Could the listing be repeated exactly, with every picture dropped?

*** Opening Data segment ***

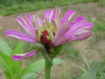 Corn earworm feeding on zinnia
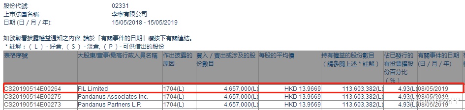 智通财经APP获悉,根据联交所资料显示,富达于5月8日减持李宁(02331)466万股,每股作价13.97港元,总值约6510.02万港元,最新持股数目约1.14亿股,最新持股比例为4.93%。
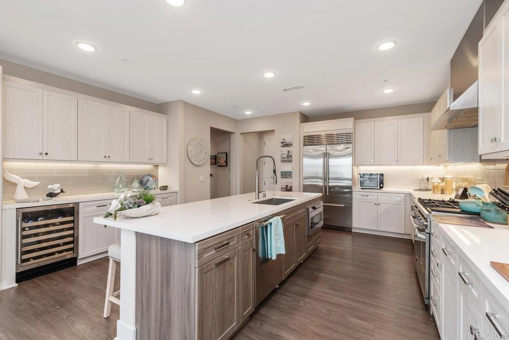 Beautifully upgraded single-level 2bd 2bth condo at The Carlyle, located in the heart of Coastal Carlsbad Village. Built in 2020, this sophisticated condo blends modern luxury with effortless coastal living, just steps from Michelin-starred dining, boutique shopping, weekly farmers markets, and Carlsbad’s renowned beaches. The home welcomes you with a bright, open-concept floor plan designed for seamless entertaining. The chef’s kitchen is thoughtfully appointed w/ a Bertazzoni 6 burner & double-oven range, Sub Zero refrigerator, wine refrigerator, quartz countertops, custom tile backsplash, and luxury vinyl plank flooring throughout. The spacious primary suite offers a generous walk-in California closet and an ensuite bathroom, creating a serene private retreat. A dedicated laundry room adds everyday convenience. The great room opens to an expansive private patio, perfect for year-round indoor-outdoor living. Enjoy serene pool views, ocean breezes, and a retractable screen, deal for morning coffee or evening relaxation. The patio is centrally located and accessible from every room, enhancing the home’s exceptional flow. Additional highlights include a secure gated community, controlled access, two assigned underground garage parking spaces, private storage unit, and direct elevator access from the garage. The residence is equipped with a tankless water heater and enjoys resort-style amenities, including a sparkling community pool. The ADA-approved building features wide, spacious hallways for added accessibility. This rare, turnkey opportunity offers the ultimate Carlsbad lifestyle, ideal for full-time living or a luxurious coastal retreat. Live where modern sophistication meets the sea in one of San Diego’s most vibrant beach communities.

*** Closing Data segment ***

▶ **Answer to this problem**:
 Corn earworm feeding on zinnia
 智通财经APP获悉,根据联交所资料显示,富达于5月8日减持李宁(02331)466万股,每股作价13.97港元,总值约6510.02万港元,最新持股数目约1.14亿股,最新持股比例为4.93%。
 Beautifully upgraded single-level 2bd 2bth condo at The Carlyle, located in the heart of Coastal Carlsbad Village. Built in 2020, this sophisticated condo blends modern luxury with effortless coastal living, just steps from Michelin-starred dining, boutique shopping, weekly farmers markets, and Carlsbad’s renowned beaches. The home welcomes you with a bright, open-concept floor plan designed for seamless entertaining. The chef’s kitchen is thoughtfully appointed w/ a Bertazzoni 6 burner & double-oven range, Sub Zero refrigerator, wine refrigerator, quartz countertops, custom tile backsplash, and luxury vinyl plank flooring throughout. The spacious primary suite offers a generous walk-in California closet and an ensuite bathroom, creating a serene private retreat. A dedicated laundry room adds everyday convenience. The great room opens to an expansive private patio, perfect for year-round indoor-outdoor living. Enjoy serene pool views, ocean breezes, and a retractable screen, deal for morning coffee or evening relaxation. The patio is centrally located and accessible from every room, enhancing the home’s exceptional flow. Additional highlights include a secure gated community, controlled access, two assigned underground garage parking spaces, private storage unit, and direct elevator access from the garage. The residence is equipped with a tankless water heater and enjoys resort-style amenities, including a sparkling community pool. The ADA-approved building features wide, spacious hallways for added accessibility. This rare, turnkey opportunity offers the ultimate Carlsbad lifestyle, ideal for full-time living or a luxurious coastal retreat. Live where modern sophistication meets the sea in one of San Diego’s most vibrant beach communities.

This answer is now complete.